> **What to produce**: Which lines in the data below contain the word "touch"? Copy each of them.

----- Records to process -----

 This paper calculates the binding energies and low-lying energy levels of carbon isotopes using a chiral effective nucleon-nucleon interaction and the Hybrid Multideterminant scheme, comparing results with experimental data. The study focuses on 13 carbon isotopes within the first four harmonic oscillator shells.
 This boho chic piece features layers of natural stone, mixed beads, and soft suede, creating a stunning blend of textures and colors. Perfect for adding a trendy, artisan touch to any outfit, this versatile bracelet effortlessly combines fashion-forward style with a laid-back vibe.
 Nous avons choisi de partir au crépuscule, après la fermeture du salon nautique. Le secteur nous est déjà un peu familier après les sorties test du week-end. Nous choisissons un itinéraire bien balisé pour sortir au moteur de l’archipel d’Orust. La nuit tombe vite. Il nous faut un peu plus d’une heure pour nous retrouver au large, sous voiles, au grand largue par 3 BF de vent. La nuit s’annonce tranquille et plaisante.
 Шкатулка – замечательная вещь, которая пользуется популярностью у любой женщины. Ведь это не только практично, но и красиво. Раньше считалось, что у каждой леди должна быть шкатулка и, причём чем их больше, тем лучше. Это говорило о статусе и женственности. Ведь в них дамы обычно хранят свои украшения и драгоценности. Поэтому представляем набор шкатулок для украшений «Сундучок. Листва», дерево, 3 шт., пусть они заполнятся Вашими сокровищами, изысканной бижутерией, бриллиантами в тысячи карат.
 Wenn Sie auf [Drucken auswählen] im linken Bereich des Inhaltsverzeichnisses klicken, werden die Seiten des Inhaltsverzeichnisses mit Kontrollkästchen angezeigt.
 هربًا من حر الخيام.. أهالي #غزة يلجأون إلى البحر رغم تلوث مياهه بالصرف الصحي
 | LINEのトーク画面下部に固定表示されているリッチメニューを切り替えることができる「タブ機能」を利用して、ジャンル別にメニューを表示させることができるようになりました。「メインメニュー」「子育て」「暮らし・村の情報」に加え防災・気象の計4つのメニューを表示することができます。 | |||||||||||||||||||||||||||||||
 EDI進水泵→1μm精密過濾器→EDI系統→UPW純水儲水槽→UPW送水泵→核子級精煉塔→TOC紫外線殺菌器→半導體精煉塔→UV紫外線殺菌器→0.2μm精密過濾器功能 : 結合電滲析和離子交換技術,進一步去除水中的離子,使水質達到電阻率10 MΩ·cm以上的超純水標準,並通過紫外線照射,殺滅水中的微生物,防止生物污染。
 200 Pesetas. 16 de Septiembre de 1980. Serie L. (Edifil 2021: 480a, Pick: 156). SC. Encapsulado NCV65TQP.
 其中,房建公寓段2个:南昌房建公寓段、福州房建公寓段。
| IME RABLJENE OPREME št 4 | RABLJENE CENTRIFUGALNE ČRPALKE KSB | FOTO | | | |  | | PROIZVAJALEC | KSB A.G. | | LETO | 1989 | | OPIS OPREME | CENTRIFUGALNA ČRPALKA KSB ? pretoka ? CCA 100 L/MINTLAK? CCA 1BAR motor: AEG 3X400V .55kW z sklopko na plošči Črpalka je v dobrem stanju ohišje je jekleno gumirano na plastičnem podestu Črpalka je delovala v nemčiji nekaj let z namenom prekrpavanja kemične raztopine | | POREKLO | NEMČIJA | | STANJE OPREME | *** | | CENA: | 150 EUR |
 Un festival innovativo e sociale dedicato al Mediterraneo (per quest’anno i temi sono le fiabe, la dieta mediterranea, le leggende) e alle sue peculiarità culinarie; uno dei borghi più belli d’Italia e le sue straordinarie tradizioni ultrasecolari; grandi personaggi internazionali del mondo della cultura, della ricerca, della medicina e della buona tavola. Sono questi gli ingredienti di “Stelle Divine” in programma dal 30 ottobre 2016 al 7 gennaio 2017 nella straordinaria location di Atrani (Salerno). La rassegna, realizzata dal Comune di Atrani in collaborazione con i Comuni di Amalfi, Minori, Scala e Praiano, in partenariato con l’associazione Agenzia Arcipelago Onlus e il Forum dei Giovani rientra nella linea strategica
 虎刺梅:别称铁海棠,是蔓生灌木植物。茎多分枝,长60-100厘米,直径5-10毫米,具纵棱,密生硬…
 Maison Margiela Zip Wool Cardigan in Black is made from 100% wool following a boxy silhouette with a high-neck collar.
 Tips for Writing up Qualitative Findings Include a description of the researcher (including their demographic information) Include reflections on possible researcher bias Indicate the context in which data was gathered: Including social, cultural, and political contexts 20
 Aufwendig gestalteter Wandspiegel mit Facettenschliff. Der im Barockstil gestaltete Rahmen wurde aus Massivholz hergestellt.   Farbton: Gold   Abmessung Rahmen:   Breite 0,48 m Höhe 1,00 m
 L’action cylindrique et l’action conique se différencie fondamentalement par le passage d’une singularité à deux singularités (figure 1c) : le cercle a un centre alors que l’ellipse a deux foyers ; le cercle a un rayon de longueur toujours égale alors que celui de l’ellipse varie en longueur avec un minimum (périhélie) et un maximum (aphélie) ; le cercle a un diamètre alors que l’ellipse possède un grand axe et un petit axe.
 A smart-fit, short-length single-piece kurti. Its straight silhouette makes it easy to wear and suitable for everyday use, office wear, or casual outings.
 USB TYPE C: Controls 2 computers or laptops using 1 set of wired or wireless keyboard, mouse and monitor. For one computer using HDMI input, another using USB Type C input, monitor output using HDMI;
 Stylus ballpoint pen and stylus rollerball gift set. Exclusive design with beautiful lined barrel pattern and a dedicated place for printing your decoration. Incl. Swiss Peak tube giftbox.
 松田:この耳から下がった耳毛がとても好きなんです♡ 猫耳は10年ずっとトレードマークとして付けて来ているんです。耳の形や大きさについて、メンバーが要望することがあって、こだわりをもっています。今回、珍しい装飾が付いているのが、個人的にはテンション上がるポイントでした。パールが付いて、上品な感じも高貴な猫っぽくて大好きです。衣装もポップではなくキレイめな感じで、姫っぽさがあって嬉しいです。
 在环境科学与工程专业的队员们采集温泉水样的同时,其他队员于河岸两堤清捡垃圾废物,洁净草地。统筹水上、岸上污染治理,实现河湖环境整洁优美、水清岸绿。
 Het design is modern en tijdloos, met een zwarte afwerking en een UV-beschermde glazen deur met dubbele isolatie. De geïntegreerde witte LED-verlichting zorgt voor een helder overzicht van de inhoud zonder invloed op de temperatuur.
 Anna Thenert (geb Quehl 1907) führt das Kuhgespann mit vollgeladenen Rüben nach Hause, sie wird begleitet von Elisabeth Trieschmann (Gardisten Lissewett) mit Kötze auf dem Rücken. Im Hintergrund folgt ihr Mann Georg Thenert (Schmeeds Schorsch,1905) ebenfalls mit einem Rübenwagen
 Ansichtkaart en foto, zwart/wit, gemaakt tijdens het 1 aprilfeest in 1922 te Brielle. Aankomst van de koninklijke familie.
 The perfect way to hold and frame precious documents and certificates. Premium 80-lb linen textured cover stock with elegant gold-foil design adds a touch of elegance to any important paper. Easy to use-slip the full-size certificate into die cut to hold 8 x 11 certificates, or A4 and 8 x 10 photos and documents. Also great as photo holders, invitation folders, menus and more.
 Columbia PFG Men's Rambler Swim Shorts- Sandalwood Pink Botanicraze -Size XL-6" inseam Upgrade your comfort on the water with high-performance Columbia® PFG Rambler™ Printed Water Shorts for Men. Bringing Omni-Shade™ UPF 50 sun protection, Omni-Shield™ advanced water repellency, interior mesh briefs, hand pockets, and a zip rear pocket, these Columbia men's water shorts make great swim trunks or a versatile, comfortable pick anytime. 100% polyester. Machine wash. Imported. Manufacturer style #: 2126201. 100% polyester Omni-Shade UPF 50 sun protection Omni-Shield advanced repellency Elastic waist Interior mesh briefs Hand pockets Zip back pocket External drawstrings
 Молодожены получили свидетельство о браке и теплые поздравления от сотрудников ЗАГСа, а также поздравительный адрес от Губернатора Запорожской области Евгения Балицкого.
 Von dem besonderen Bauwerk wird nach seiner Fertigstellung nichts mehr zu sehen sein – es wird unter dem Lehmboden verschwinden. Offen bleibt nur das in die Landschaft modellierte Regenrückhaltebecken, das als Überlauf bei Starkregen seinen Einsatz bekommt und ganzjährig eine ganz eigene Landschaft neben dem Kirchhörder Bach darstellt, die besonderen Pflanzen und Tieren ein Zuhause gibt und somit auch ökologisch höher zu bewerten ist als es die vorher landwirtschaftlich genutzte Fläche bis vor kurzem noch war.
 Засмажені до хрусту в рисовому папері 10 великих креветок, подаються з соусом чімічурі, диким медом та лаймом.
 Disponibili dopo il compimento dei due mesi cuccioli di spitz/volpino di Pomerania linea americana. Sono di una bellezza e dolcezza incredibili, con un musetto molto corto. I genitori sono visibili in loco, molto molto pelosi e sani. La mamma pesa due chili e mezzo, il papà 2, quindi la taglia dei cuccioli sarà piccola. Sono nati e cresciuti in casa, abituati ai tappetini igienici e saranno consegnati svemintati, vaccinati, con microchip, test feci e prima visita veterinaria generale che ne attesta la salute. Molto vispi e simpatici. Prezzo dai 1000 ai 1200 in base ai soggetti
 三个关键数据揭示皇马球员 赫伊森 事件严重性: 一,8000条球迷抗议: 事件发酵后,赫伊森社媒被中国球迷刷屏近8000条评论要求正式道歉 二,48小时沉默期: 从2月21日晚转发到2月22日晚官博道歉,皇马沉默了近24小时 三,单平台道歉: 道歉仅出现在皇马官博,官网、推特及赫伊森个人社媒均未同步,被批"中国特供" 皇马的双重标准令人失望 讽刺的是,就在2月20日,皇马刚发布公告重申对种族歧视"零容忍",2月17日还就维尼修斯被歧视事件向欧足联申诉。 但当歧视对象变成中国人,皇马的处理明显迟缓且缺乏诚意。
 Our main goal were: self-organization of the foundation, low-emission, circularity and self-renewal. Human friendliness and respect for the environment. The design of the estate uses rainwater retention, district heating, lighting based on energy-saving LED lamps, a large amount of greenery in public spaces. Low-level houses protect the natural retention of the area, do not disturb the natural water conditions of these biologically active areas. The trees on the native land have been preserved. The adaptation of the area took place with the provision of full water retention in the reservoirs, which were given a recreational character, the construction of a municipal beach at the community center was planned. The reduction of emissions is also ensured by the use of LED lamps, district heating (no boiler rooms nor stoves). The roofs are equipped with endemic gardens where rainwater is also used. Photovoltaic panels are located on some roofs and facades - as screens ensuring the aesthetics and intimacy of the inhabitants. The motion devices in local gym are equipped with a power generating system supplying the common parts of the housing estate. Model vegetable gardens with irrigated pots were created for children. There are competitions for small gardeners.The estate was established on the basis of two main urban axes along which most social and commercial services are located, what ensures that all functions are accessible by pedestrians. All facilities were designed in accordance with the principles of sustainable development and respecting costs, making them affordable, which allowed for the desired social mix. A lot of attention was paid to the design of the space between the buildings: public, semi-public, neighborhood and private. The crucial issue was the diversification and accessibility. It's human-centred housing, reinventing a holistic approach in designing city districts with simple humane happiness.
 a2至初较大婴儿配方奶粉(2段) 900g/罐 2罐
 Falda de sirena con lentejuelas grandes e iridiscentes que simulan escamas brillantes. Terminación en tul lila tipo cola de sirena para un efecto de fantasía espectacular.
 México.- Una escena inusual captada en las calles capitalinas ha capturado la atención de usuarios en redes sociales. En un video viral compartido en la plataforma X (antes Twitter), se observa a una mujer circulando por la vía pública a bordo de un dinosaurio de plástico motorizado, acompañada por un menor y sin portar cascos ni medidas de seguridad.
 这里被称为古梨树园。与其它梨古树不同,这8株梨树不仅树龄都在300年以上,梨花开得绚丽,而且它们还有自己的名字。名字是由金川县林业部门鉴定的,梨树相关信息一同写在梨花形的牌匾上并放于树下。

-----

> **Solution**:
 This boho chic piece features layers of natural stone, mixed beads, and soft suede, creating a stunning blend of textures and colors. Perfect for adding a trendy, artisan touch to any outfit, this versatile bracelet effortlessly combines fashion-forward style with a laid-back vibe.
 The perfect way to hold and frame precious documents and certificates. Premium 80-lb linen textured cover stock with elegant gold-foil design adds a touch of elegance to any important paper. Easy to use-slip the full-size certificate into die cut to hold 8 x 11 certificates, or A4 and 8 x 10 photos and documents. Also great as photo holders, invitation folders, menus and more.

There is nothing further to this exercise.